でも、それを言えるほど、俺はコイツを知らない。


「――んで、…ッなんでテメェらは自分を独りだと思うんだ…!!」


翡翠の目は、殆ど化け物に呑み込まれていた。
飛んでくる砂を避けるだけで足がもつれる。
千鳥を打てるほどのチャクラも、もう残っていないかもしれない。
それでも倒れるわけにはいかず、木の幹に手を付きながら何とか立ち上がったままでいた。

「う、うおおおああああああぁぁ!!!!」

何かが逆鱗に触れたのかもしれない。
ほぼ化け物のそいつが、爆発を起こしたように煙に囲まれる。
爆風に細めた目を我愛羅の居た方に向けて、其処に現れたあまりの存在感に息を呑む。

「な、なんだ…アレ…」

口寄せ動物などでは無い。

チャクラの塊のような存在が、はるか上空からこちらを見下ろしているのだ。


「おい、中身が出てきてんじゃねーか」
「っ!?」

突然後ろから聞こえてきた声に体が跳ねる。
そちらに目を向ければ、何処も怪我をした様子の無いナルトが立っていた。
恐らく傷を負わずにカンクロウを負かしたんだろう。

それに比べて自分はボロボロで、何となく情けない…。

「無事だったのか」
「ボロボロのお前に心配されることねーよ」
「お前なァ…俺、いつか泣くからな!!」
「―――なんだ、それ」

ほんの少しの笑み。

懐かしい笑顔に、少しだけ心臓が高鳴る。
昔はよく見せてくれた表情なのに、今となっては懐かしい思い出でしかない。
しかしそんな表情も一瞬の話で、ナルトはすぐに元の無表情に戻ると一つ頷いた。

「よし。
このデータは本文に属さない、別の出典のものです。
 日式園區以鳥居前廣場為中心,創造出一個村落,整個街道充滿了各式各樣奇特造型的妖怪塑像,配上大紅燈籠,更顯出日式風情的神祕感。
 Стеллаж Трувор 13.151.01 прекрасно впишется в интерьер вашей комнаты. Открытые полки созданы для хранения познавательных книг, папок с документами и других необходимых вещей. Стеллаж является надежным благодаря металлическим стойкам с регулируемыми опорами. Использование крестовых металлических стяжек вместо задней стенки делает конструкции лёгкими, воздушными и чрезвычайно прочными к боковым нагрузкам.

あの狸は俺が何とかするから、お前は眠りに入ろうとしてる我愛羅を叩き起こせ」
「た、倒すってどうやって…!?」

あんなデケェのをどうやって倒すと言うのか。
慌てふためくしかない俺に、ナルトは「こうやるんだよ」と目を瞑った。



    ぞわり。



あの狸などとは比べ物にならない程おぞましいチャクラ。
初めて感じるそれに、思わず後退る。


―――ナルトの目は、見た事ないくらい赤く爛々と光っていた。